Durante o pregão de ontem, a empresa informou que está tomando todas as medidas para a segurança de seus empregados, frente à pandemia da Covid-19.

· Além disso, a Ecorodovias informou seus números gerenciais para o tráfego em suas nove concessões rodoviárias durante o mês de março (até o dia 17) e no acumulado do ano. Nos primeiros dezessete dias de março, os dados mostram crescimento de 0,8% nas sete concessões que eram administradas também neste mês no ano passado. O tráfego total, considerando também as concessões Eco 135 e Eco 050, adicionadas durante 2019, cresceu 10,8% comparado ao mesmo período do ano passado;

· No acumulado do ano, houve um crescimento também de 0,8% nas sete concessões e 10,9% no total;

· Com isso, os números de tráfego e resultado operacional da Ecorodovias serão bons no 1T20, com os efeitos das restrições derivadas do surto do Coronavírus sendo sentidos a partir do 2T20.


EZTEC S.A. (EZTC3)
Lucro de R$ 107,6 milhões no 4T19 (+147%)

EZTEC registrou um lucro líquido de R$ 107,6 milhões no 4T19, com forte crescimento de 147% em doze meses. A receita líquida cresceu 114% para R$ 308,6 milhões. A companhia aprovou a recompra de 10% dos papéis em circulação, equivalente a 9,5 milhões de ações ordinárias, com prazo de três meses.

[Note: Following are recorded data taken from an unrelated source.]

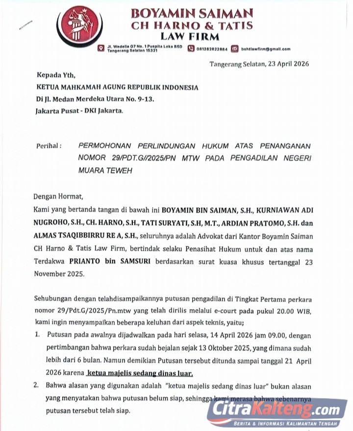 TANGERANG SELATAN, CITRAKALTENG.COM – Penasihat hukum dari Kantor Hukum Boyamin Saiman CH Harno & Tatis mengirimkan surat permohonan perlindungan hukum kepada Ketua Mahkamah Agung Republik Indonesia. Surat ini berkaitan dengan penanganan perkara nomor 29/Pdt.G/2025/PN MTW di Pengadilan Negeri Muara Teweh yang dinilai memiliki sejumlah kejanggalan dari sisi teknis prosedur.
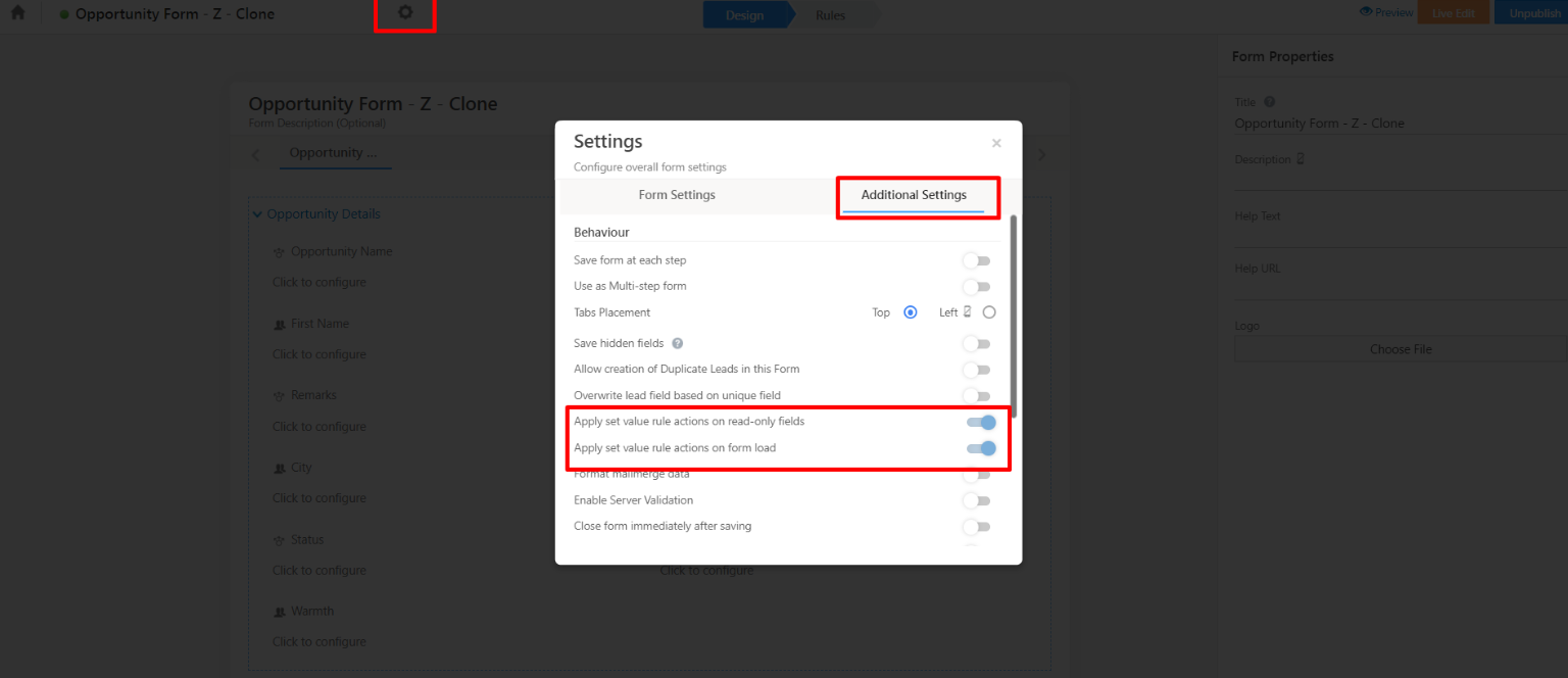 These settings are necessary for the read-only fields to get filled according to the defined rules and the rules to get applied on form load in the mobile app.
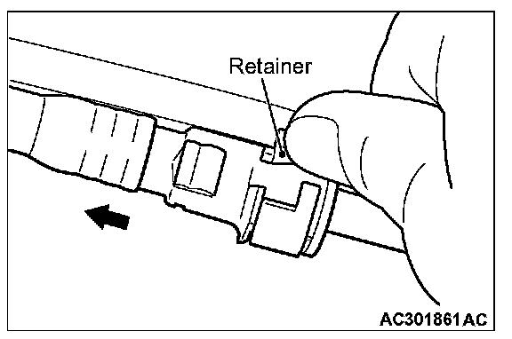 2. Raise the retainer of the fuel high-pressure hose and pull out the fuel high-pressure hose in the direction shown in the figure.
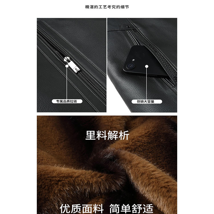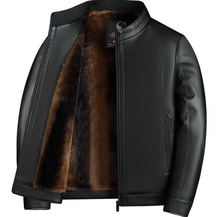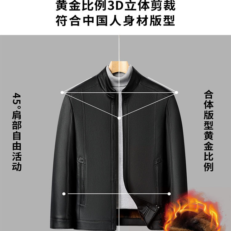 夜鹰保罗中年男士立领皮衣外套25冬季新款加绒加厚爸爸冬装皮夹克
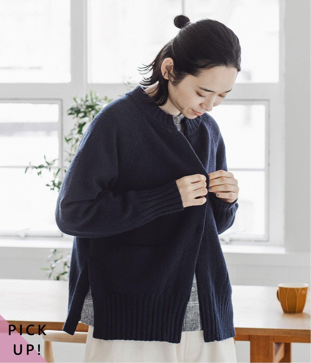 ゆったりと着られる、ほどよい肉感のニットカーディガン。2ボタン仕様やサイドスリットなど、装いを洗練させるディテールが随所に散りばめられています。
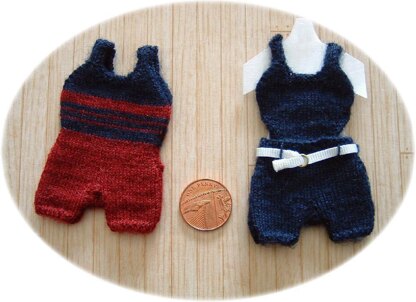 Materials Required: Swimming Suit - Size 19 (I mm/US size 00000) knitting needles, 25 metres/28 yards 1-ply yarn in main colour, 12.5 metres/14 yards 1-ply yarn in contrast colour, small safety pins or stitch holders. Swimming Costume with Removable top - Size 19 (I mm/US size 00000) knitting needles, 37.5 metres/42 yards 1-ply yarn, 10 cm/4-inch length 2 mm/⅛-inch ribbon (for belt), small buckle or 3 mm ring (jewellery findings are ideal), 3 miniature buttons or beads.
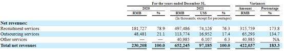 從業務結構來看,羅科仕的收入來自招聘服務,包括靈活就業招聘服務和長期就業招聘服務,外包服務,及其他服務,包括信息技術服務和培訓服務。目前,招聘服務是公司的頂樑柱,企業客户是公司迄今為止最重要的收入來源,這些有招聘、培訓、銷售線索生成和外包需求的公司,在2021年為其貢獻超過75%的淨收入。

Como evento subsequente, as vendas das primeiras semanas de março (R$ 35,6 milhões e R$ 37,0 milhões) seguem em linha com a performance semanal mediana de janeiro e fevereiro (R$ 37,1 milhões);

A Receita Líquida alcançou R$ 804,4 milhões em 2019; O Lucro Bruto foi de R$ 328,2 milhões, para uma margem Bruta de 40,8% em 2019; O Lucro Líquido atingiu R$281,1 milhões, com Margem Líquida de 34,9% em 2019; As Vendas Líquidas, participação EZTEC, atingiram R$1.564,7 milhões em 2019, valor líquido de distratos;

Ao final de dez/19 o Estoque de Terrenos totalizou R$ 7,4 bilhões em VGV próprio. O custo médio de aquisição dos terrenos, incluindo os custos com o aumento do potencial construtivo, está em 14% do VGV;  A companhia terminou o 4T19 com posição de caixa Líquido, de R$ 1,27 bilhão, além de deter R$ 549,7 milhões em Recebíveis de empreendimentos imobiliários Performados.